Since its founding in 1906, the NCAA has expanded its rulebook beyond field contests to regulate off-the-field competition among its member institutions and manage the burgeoning business of collegiate sports. Some regulations are essential for the administration of college sports, the coalition’s lawsuit acknowledges. However, Raoul and the attorneys general argue that certain rules lacking a clear procompetitive benefit may run afoul of the nation’s antitrust laws, which are rooted in the belief that market forces yield the best outcomes.

In justifying the one-year waiting period for second-time transfers, the NCAA cites the promotion of academic well-being and the preservation of athletic amateurism. Raoul and the coalition call the connection between the rule and these goals “pretextual”; note that these purported goals can be accomplished through less-restrictive means; and argue that the harm it does to athletes, universities, and fans far exceeds any supposed benefits.

According to Raoul and the coalition, the one-year waiting period constitutes 20% of the total time allotted by NCAA regulations for the completion of a college athlete’s full eligibility – and, as such, could prove devastating for athletes seeking to optimize their career and welfare by transferring to schools that better suit them.

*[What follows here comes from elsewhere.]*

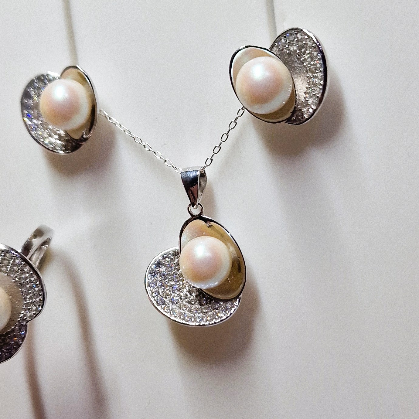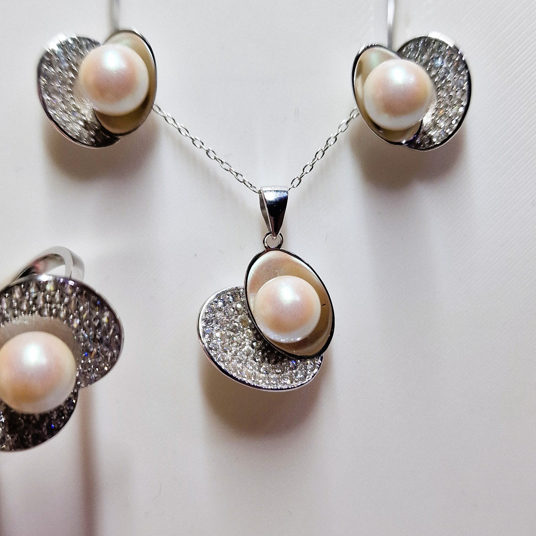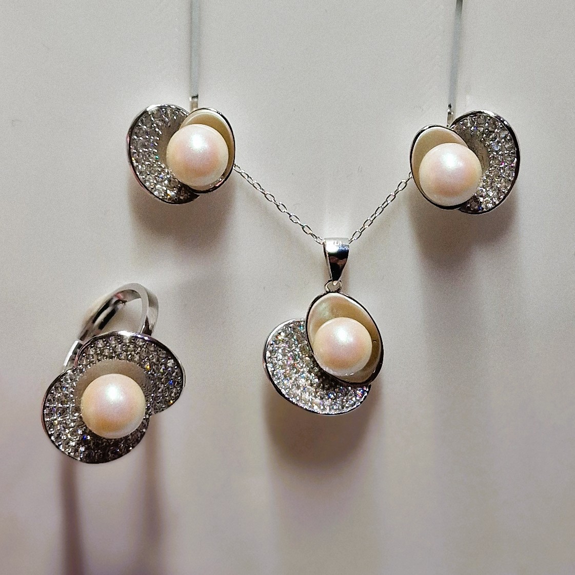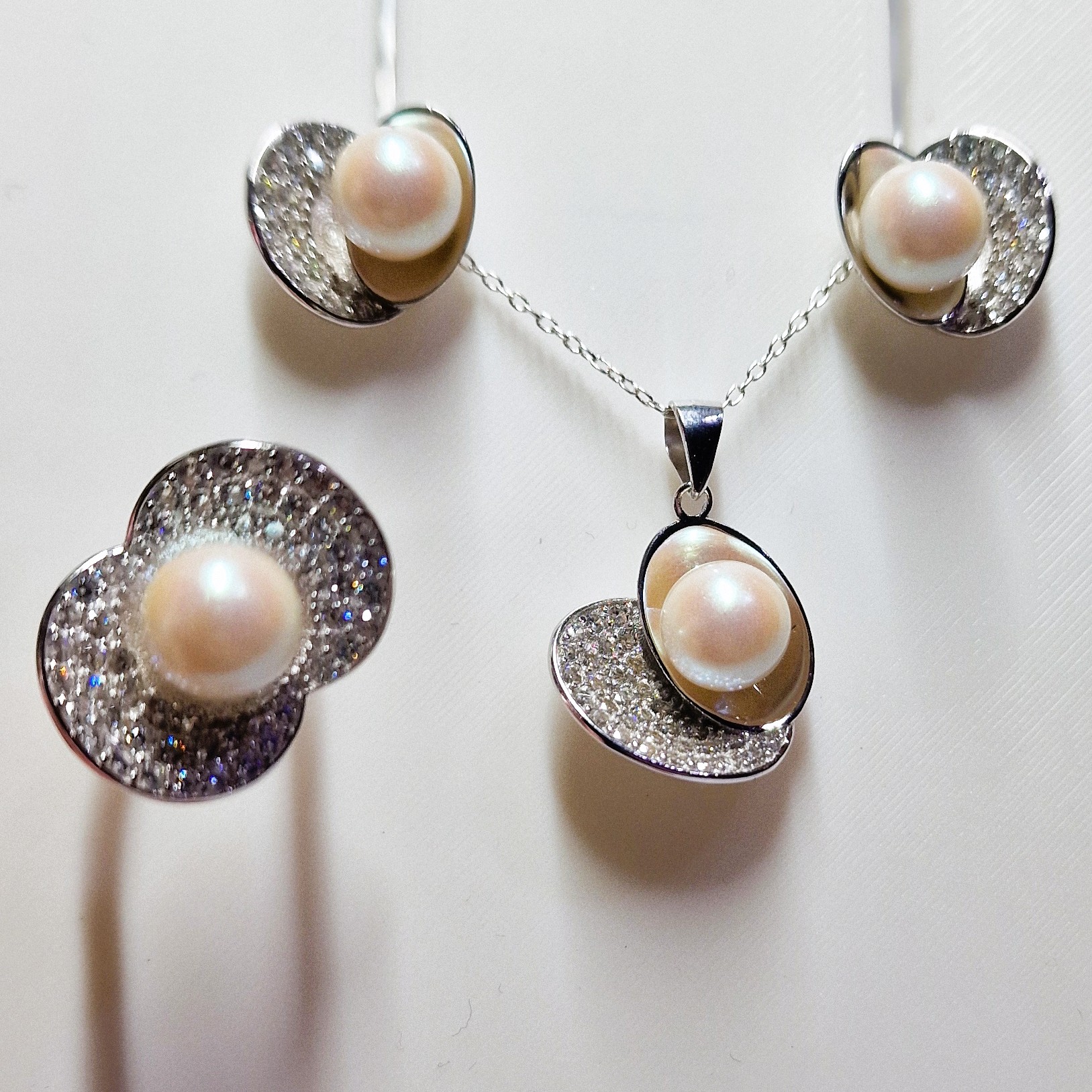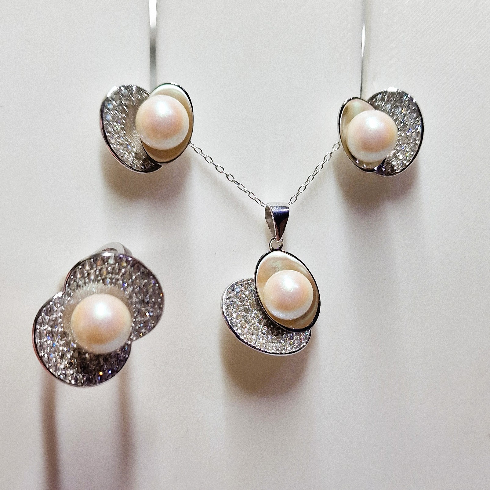 This stunning matching set, crafted from high-quality 925 sterling silver, includes a pendant, a pair of stud-back earrings, and a ring. This set features four openings designed to hold your unique pearls, making this set a perfect canvas for personalisation.
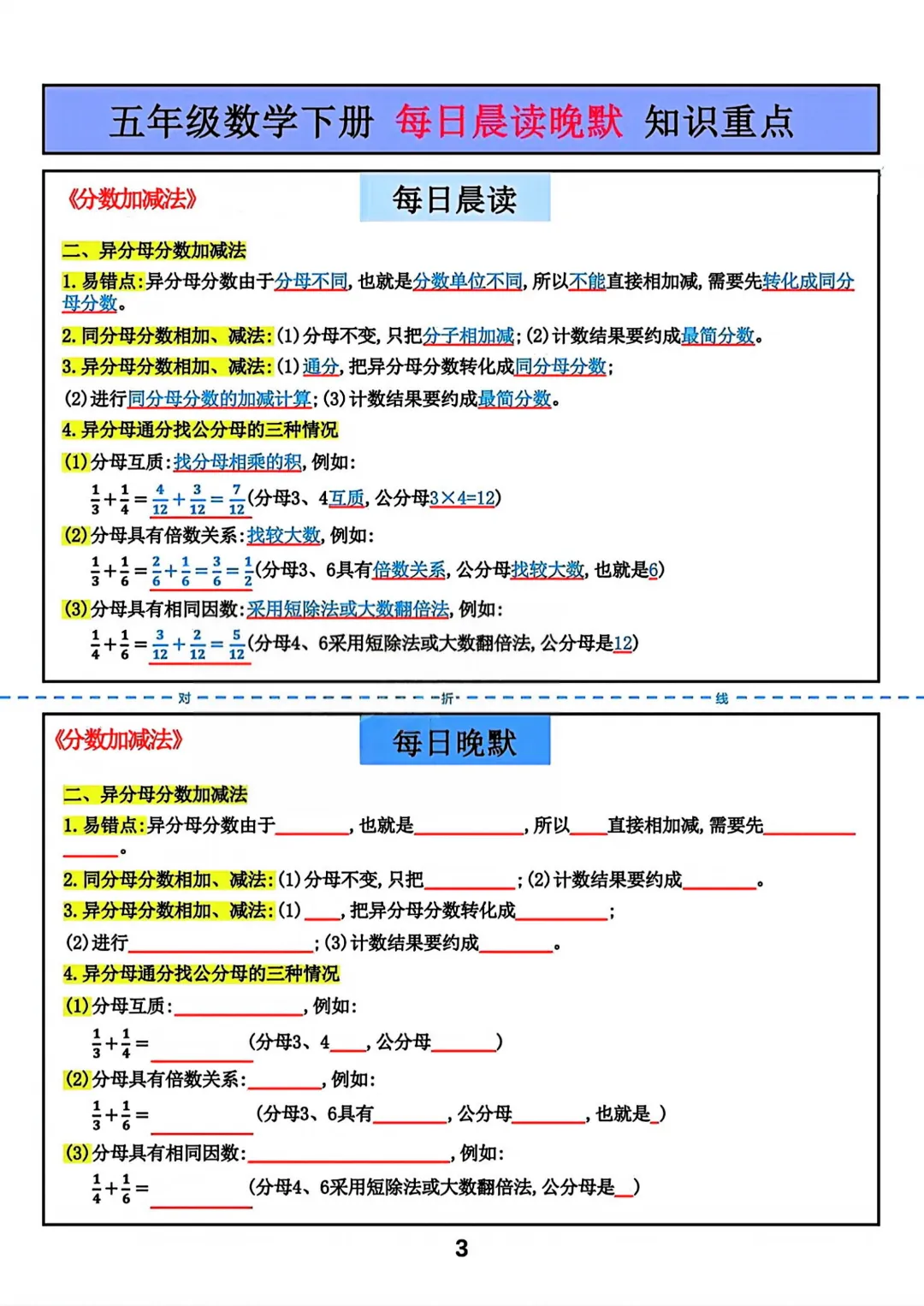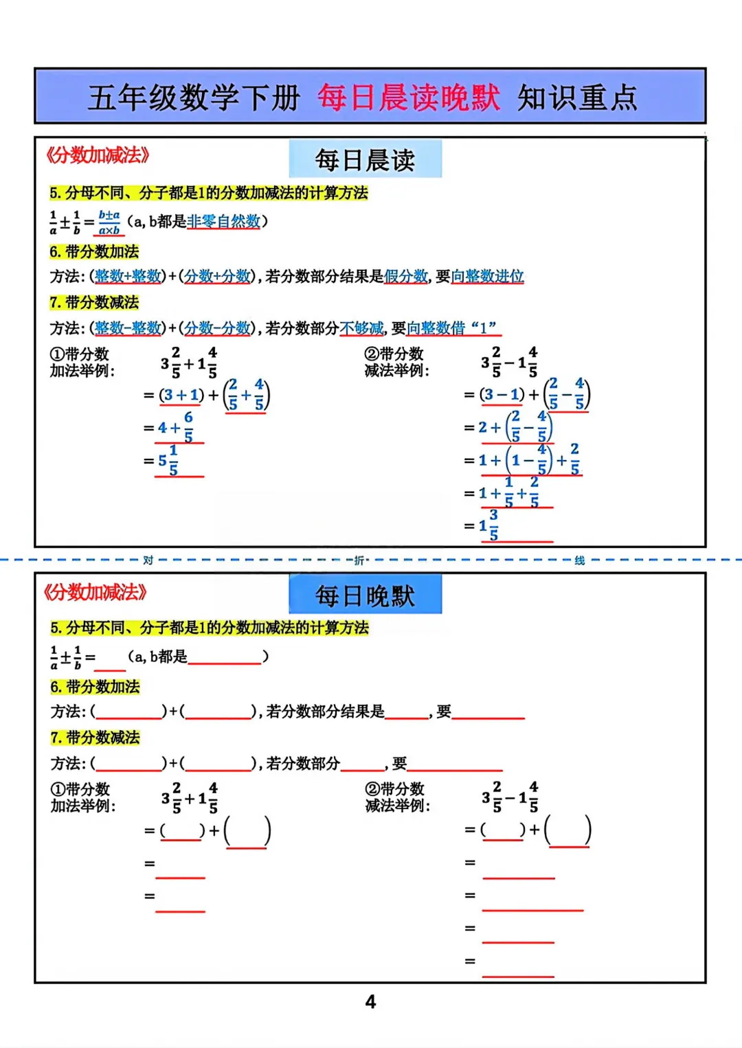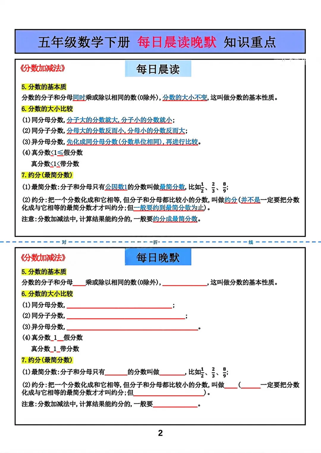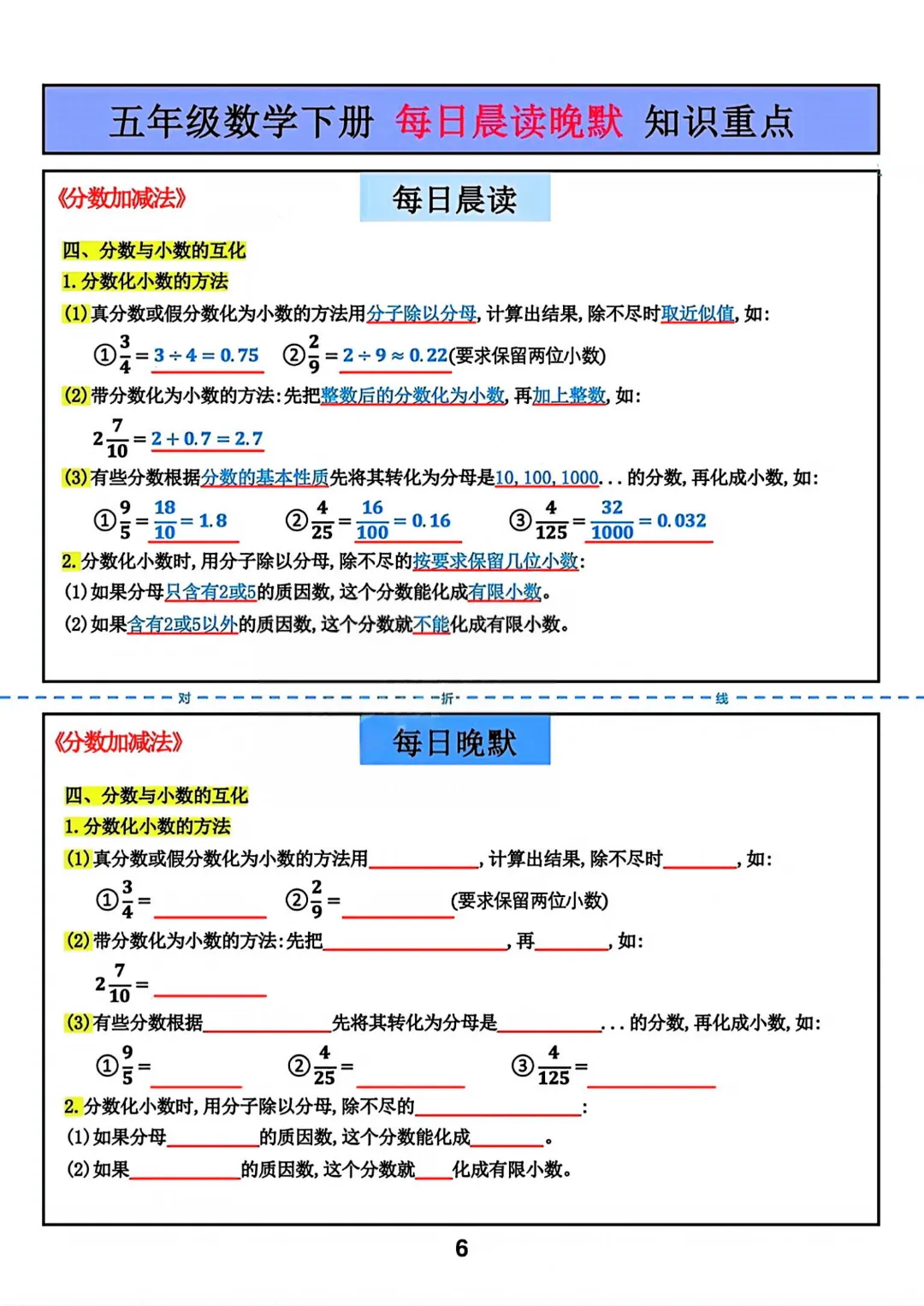 【五年级下册数学】【北师大版】每日晨读晚默知识重点丨完整高清可打印

The NCAA often describes the college athlete experience as transformative, with competition playing a key role. However, Raoul and the attorneys general argue that preventing students from competing hinders the full realization of this experience. Students deprived of the opportunity to compete in their chosen sports are denied the benefits that competition offers in preparing them for life, as acknowledged by the NCAA, and often suffer other harms, including financial harms and negative impacts to their mental health and well-being.